In the Canadian Plains second-quarter output dropped to 856 million cubic feet per day from 874 million, but the Canadian Foothills gained 100 million cubic feet per day to 1.3 bcf.

Eresman said that should gas prices slide below $8 per thousand cubic feet there could be a cutback in EnCana’s operations in Piceance basin of Colorado and British Columbia, but he estimated that the “vast majority” of the company’s gas operations could recover capital costs with gas prices at $4.75 per mcf.

He said higher commodity prices and increased upstream activity are pointing to some cost inflation in services and materials, especially steel and fuels.

“We believe inflationary pressures may continue to climb for the rest of the year,” he said.

Eresman said plans to split EnCana into separate oil and gas entities will see a circular mailed to shareholders in mid-November, followed by a vote in mid-December.

“As we transition toward the creation of two strong independent companies, it will be business as usual and we expect the consistent and strong performance (of the second quarter) to continue,” he said.





TransCanada chases B.C. market

TransCanada, buoyed by producer response to a non-binding open season, is reaching for control of gas deliveries from the fast-emerging British Columbia shale region.

Given just 10 days to file submissions, shippers made requests for more than 1 billion cubic feet per day of pipeline capacity by 2012 from both the Horn River and Montney-Groundbirch areas.

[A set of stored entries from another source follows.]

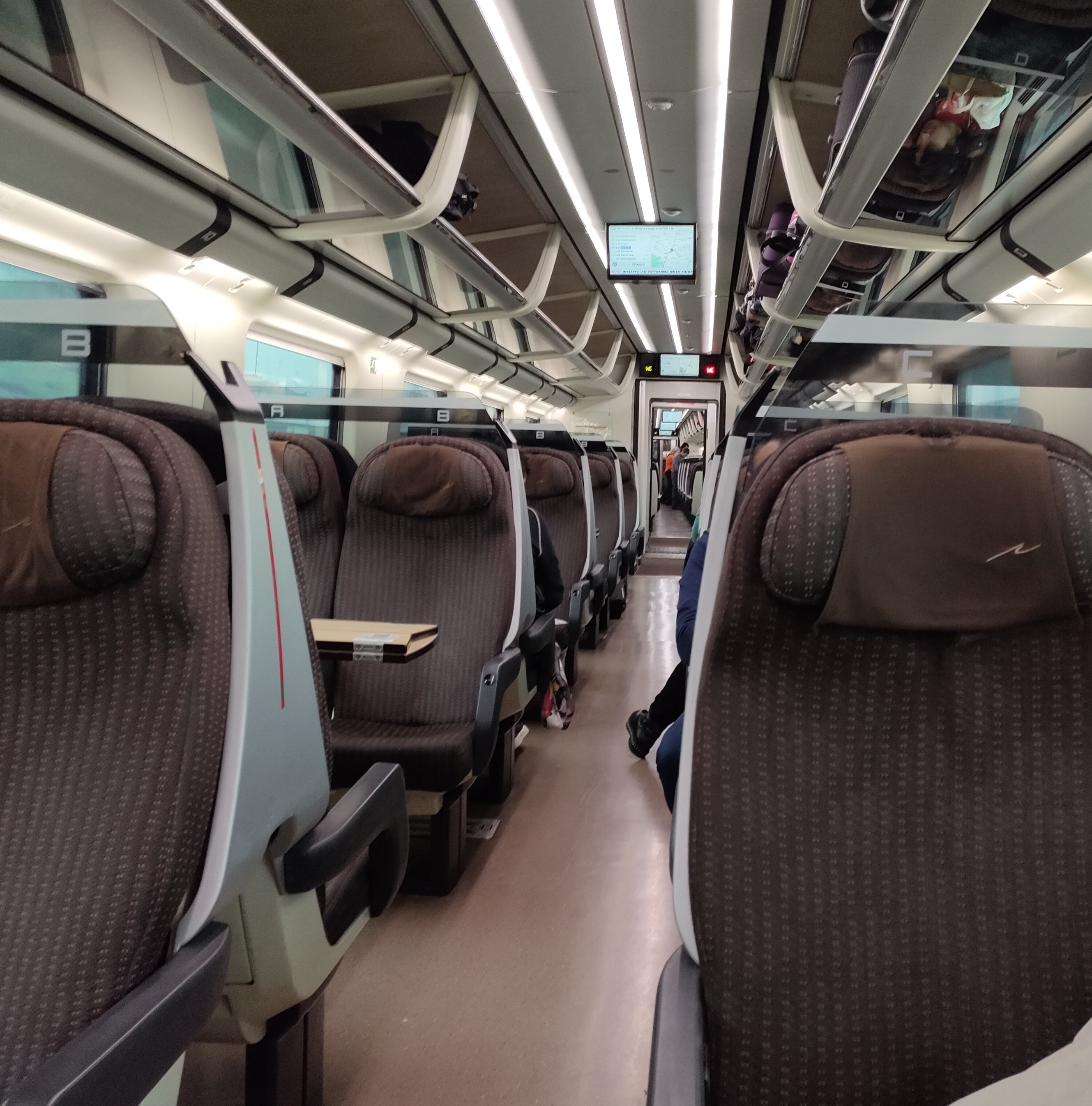 We travelled on 25 December Euro City Munich to Padua (end station, Venice) and then TrenItalia Frecciarossa (high speed, right) to Napoli via Rom. It is a good day to travel – busy but not too busy. A cafe was open in Padua station (above left). The coffee was timely and great! Total journey time around 12 hours. One hour changing time in Padua. A bit of a delay in Rom. Dodgy power sockets on train.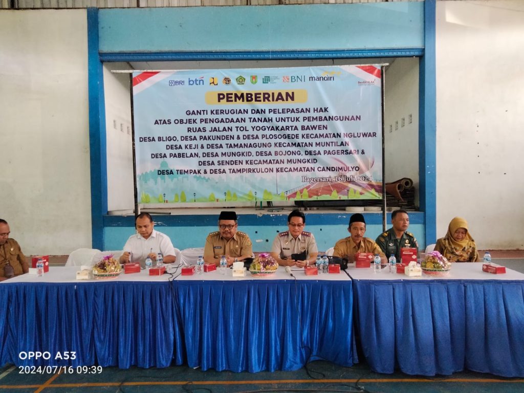 DELIK-HUKUM.ID ( MAGELANG ) — Badan pertanahan nasional kabupaten magelang hari ini selasa 16 Juli 2024 kembali membayar uang ganti rugi UGR atas tanah warga yang tergusur oleh pembangunan jalan tol Yogyakarta Bawen,acara berlangsung di gedung olah raga desa pagersari kecamatan mungkid magelang jawa tengah.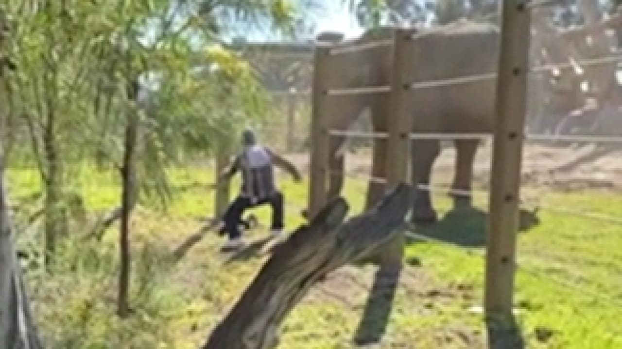 Un hombre se mete la jaula de un elefante cargando su hija de dos años y escapa (por los pelos) con vida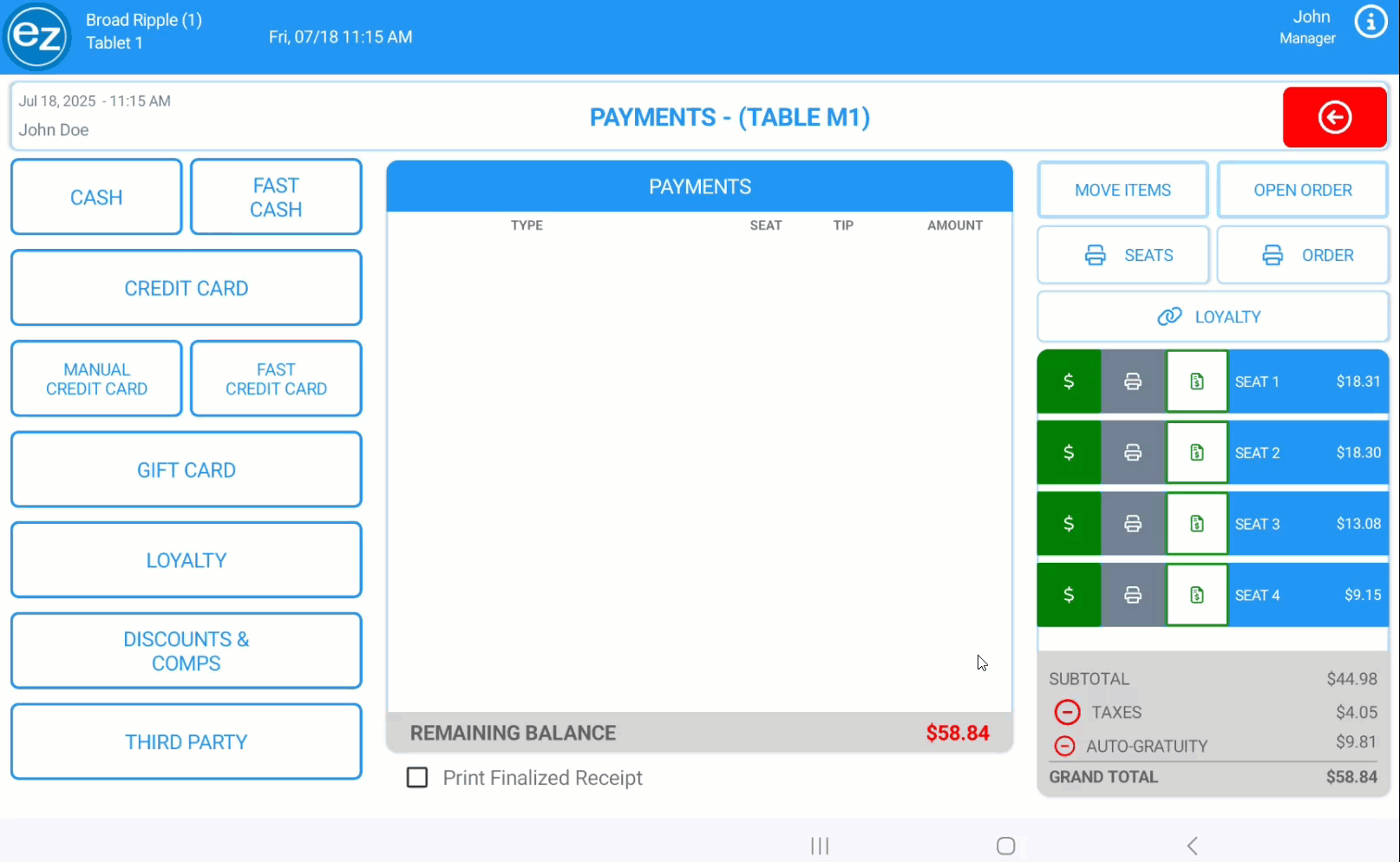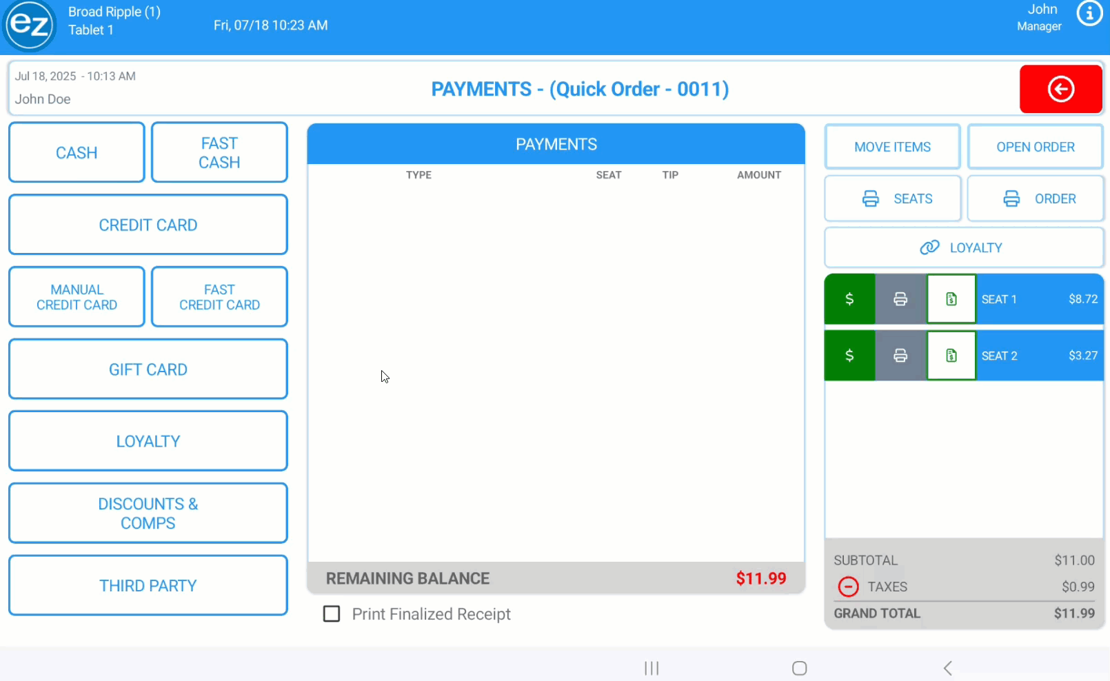 - Remaining balance due by the seat and order will be updated reflecting the discount and comp amounts that were applied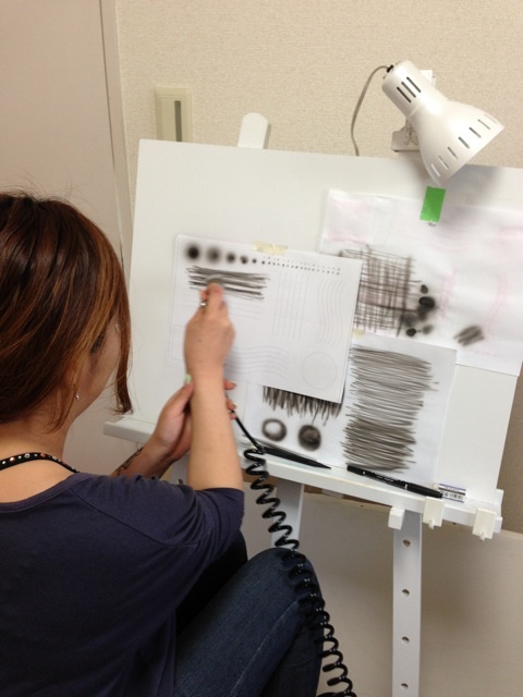 元々エアブラシは触っていた彼女なので、授業はスムーズで、予定より早く終わったため、基礎の練習を再びしました。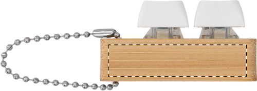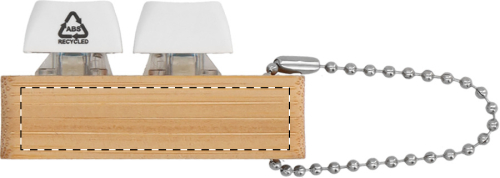 Portachiavi in bambù con catenella in metallo e 2 tasti antistress in ABS riciclato che emulano quelli di una tastiera.

TransCanada Chief Executive Officer Hal Kvisle said that “based on these expressions of interest, we expect to complete a binding open season in the next few months.”

Although the bidders were not identified, their response further bolstered the view that northeastern British Columbia is shaping up as one of the hottest prospects in North America that could see the province challenging Alberta’s supremacy as Canada’s top gas producing province.

TransCanada officials had previously estimated the feeder pipelines from B.C. could cost more than C$100 million based on 1 bcf per day from Horn River and 500 million-1 bcf per day from Montney.

The gas would be delivered to TransCanada’s Alberta network, which is currently operating at 300 million-500 million cubic feet per day below capacity.

Nova NEB application linked

The company’s entry into B.C. is linked to its June application to the National Energy Board to establish federal jurisdiction over its Nova Gas Transmission system in Alberta (which is regulated by the Alberta Utilities Commission), thus enabling it to operate across provincial boundaries.

That would in turn provide integrated gas services to B.C. and Alberta and eventually to northern gas producers, including Alaska and Canada’s territorial governments.

The NEB will hold a hearing in November to decide whether it has jurisdiction to approve the application.

Steve Clark, a Canadian pipelines vice president at TransCanada, said the NEB process could last 18 months, at which point the company will be ready to file proposals for specific projects.

He said there is a “very high level” of interest among B.C. producers to ship their gas to the Alberta hub, which then fans out to the major Canadian and U.S. markets.

Meanwhile, Spectra Energy, which operates the main north-south gas transmission pipeline in B.C., has three plans in the works to handle up to 261 million cubic feet per day of volumes from northeastern B.C.